Это мир Shodan — поисковой системы, которая индексирует не веб-страницы, а сетевые устройства, сканируя открытые порты и уязвимости.

Shodan стал незаменимым инструментом для исследователей безопасности и хакеров, но он также может быть использована и для защиты от них. В статье рассмотрим, что такое Shodan, как он работает, какие риски и возможности он представляет для информационной безопасности.

Что такое Shodan и чем он отличается от обычных поисковых систем​

В отличие от, например, Яндекса или Google, которые ищут текст на веб-страницах, Shodan видит сами устройства, распознавая их тип, программное обеспечение и открытые порты. Shodan сканирует интернет в поисках открытых портов и устройств, которые откликаются на запросы. Он использует ботов, проверяющих IP-адреса на наличие открытых портов и сервисов.

Когда бот находит активное устройство, он собирает информацию о нем, например:

• тип устройства — камера, маршрутизатор, сервер и т. д.;
• операционная система — Windows, Linux, iOS и т. д.;
• версия программного обеспечения;
• какие порты устройства доступны для подключения;
• дополнительная информация — название устройства, серийный номер, IP-адрес и т. д.

Собранная информация индексируется в базе данных Shodan, что позволяет заинтересованным лицам искать устройства по различным критериям.

Риски Shodan​

Информация, собранная Shodan, может быть использована злоумышленниками для различных видов хакерских атак. Доступ к открытым портам и информации об устройствах предоставляет хакерам возможность использовать разные методы атаки.

Shodan, Censys, BinaryEdge, ZoomEye, Fofa, internet-measurement и другие публичные системы представляют собой ASM-систему, выполняющую непрерывное сканирование всего интернета. У каждой из этих систем есть свои сервера-сканеры, и их хорошо видно на ханипотах. Вы можете запустить такой у себя или взять публичный, например

Для просмотра ссылки необходимо нажать Вход или Регистрация

. Так что самой простой защитой от shodan'а и им подобных будет блокировка соответствующего пула адресов.

Но Shodan — это не единственное, что может вас просканировать. Любой желающий может запустить nmap или masscan и получить тот же результат, что и из Shodan, но сделать это с любого IP-адреса. Поэтому я бы посоветовал на межсетевом экране перед серверами активировать правило, отправляющее TCP SYN-ACK пакеты в ответ на любой входящий TCP SYN. Это приведет к тому, что сканирующая сторона будет видеть 65535 открытых портов, в которых просто нереально будет увидеть продуктивные сервисы. Это отличная защитная мера, которая иногда встречается на периметрах разных компаний. Как пентестер, имитирующий реальные атаки, могу сказать, что это очень сильно мешает разведке.

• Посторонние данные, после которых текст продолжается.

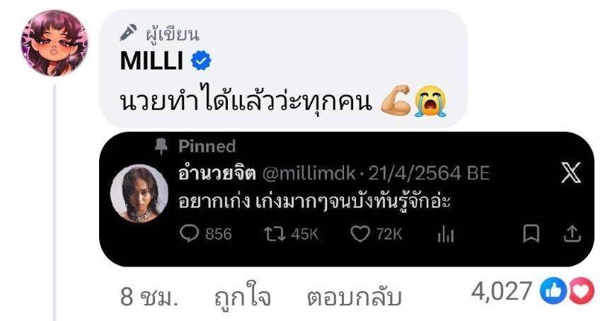 เรียกว่าชีวิตติ่งคอมพลีตเรียบร้อยแล้ว สำหรับแร็ปเปอร์สาวเก่ง MILLI หรือ มิลลิ ดนุภา คณาธีรกุล ที่ก่อนหน้านี้เคยโพสต์ไว้ว่า “อยากเก่ง เก่งมากๆ จนบังทันรู้จักอ่ะ” จนกลายเป็นกระแสฮือฮามาแล้ว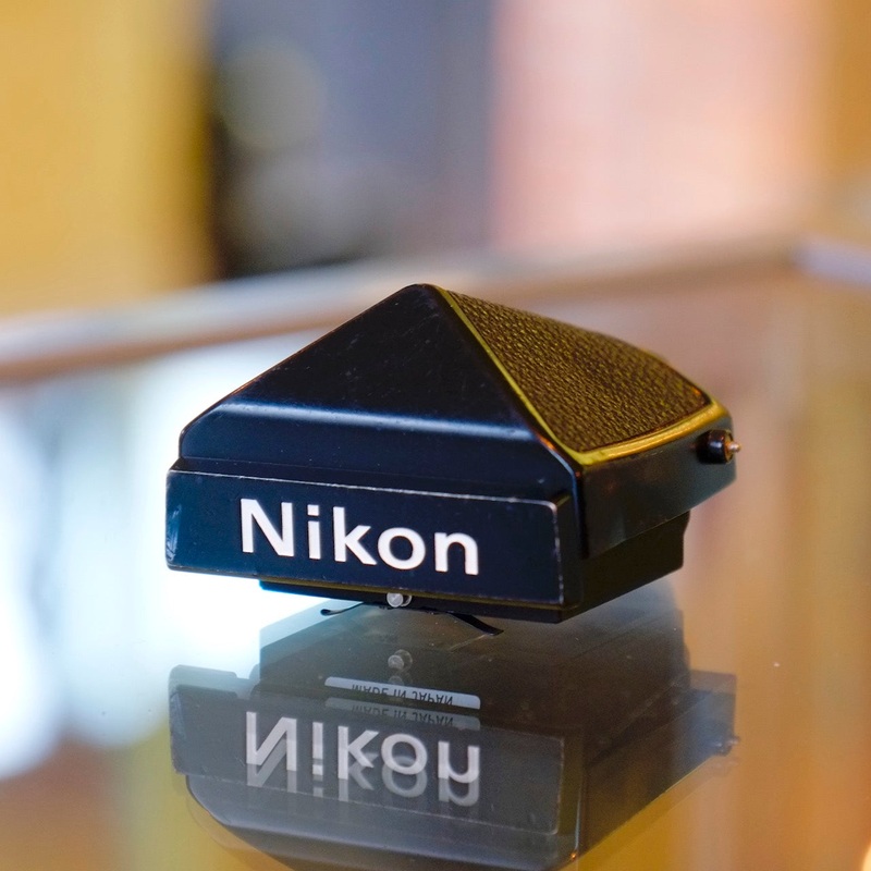 The Nikon DE-1 is the standard unmetered prism for the Nikon F2. This one is black, and is in excellent cosmetic condition, except for a very shallowindent on one side (visible in the image, and somewhat camouflaged by the leatherette covering) and some light paintwear on the same side. You may have noticed the “light prism marks” in the title, so let me explain what that means: there are a few small scratchesin the prism surface that would sit closest to the focusing screen. These do not affect function, but the marks kind of look like specks of dust through the viewfinder when in use. Does that sound like it might annoy you? If so, this one might not be for you. But if you think you can live with it, this is otherwise a nice looking prism.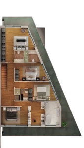 Cada fração, compostas por quatro suítes, foi projetada com a máxima atenção aos detalhes, acabamentos de alta qualidade e espaços amplos e luminosos. O “Praia Mar Residence” também oferece um jardim e uma piscina exclusiva a cada fração, onde os moradores podem relaxar e desfrutar do sol.

Однако мы можем ещё сильнее испортить жизнь сканерам, если вместо отправки TCP SYN-ACK перенаправим все входящие соединения на какой-нибудь порт-заглушку, отправляющий в ответ «мусор» из /dev/zero. Это подвесит сканеры, когда те начнут определять версии служб, бесконечно читая данные из каждого порта. В конечном счете это может привести даже к утечке памяти на сканирующей стороне и отказу в обслуживании.

Вот некоторые из наиболее распространенных рисков:

1. Сканирование уязвимостей. Shodan позволяет хакерам быстро и эффективно сканировать устройства на наличие известных уязвимостей. Например, если устройство использует устаревшую версию программного обеспечения с известными багами, хакеры могут использовать их для получения несанкционированного доступа.
2. Атаки DDoS. Поисковик может быть использован для организации DDoS-атак (отказ в обслуживании). Хакеры могут направить большое количество запросов к устройству, что приводит к перегрузке и отказу в работе.
3. Бомбардировка спамом. Информация о сетевых устройствах, собранная Shodan, может быть использована для рассылок спама и вредоносных программ.
4. Захват управления устройствами. Shodan может быть использован для захвата управления устройствами, например, камерами видеонаблюдения или маршрутизаторами. Хакеры могут использовать захваченные устройства для шпионажа или других злонамеренных действий.
5. Кража данных. Злоумышленники могут использовать Shodan для поиска устройств, хранящих конфиденциальные данные, например, базы данных или финансовую информацию.

Важно помнить, что Shodan — это мощный инструмент, который может быть использован для хороших или плохих целей. Необходимо осознавать риски, связанные с использованием Shodan, и принимать меры по защите своих сетевых устройств.

Не только угроза, но и инструмент защиты​

Shodan, несмотря на свою репутацию инструмента хакеров, также является полезным для специалистов по безопасности. Он предоставляет бесценную информацию о сетевых устройствах, что позволяет проактивно выявлять проблемы и устранять уязвимости.

С помощью Shodan специалисты могут быстро найти устройства с устаревшим программным обеспечением или с открытыми портами, которые могут быть использованы для атак. Он также позволяет отслеживать изменения в сети и выявлять новые устройства, которые могут представлять угрозу. Анализ информации Shodan помогает понять, как хакеры атакуют устройства, что позволяет улучшать стратегии защиты. Shodan даже позволяет создать карту сети, которая показывает все устройства, подключенные к интернету, что упрощает управление и защиту сети. Кроме того, Shodan является ценным инструментом для обучения и исследований в сфере кибербезопасности.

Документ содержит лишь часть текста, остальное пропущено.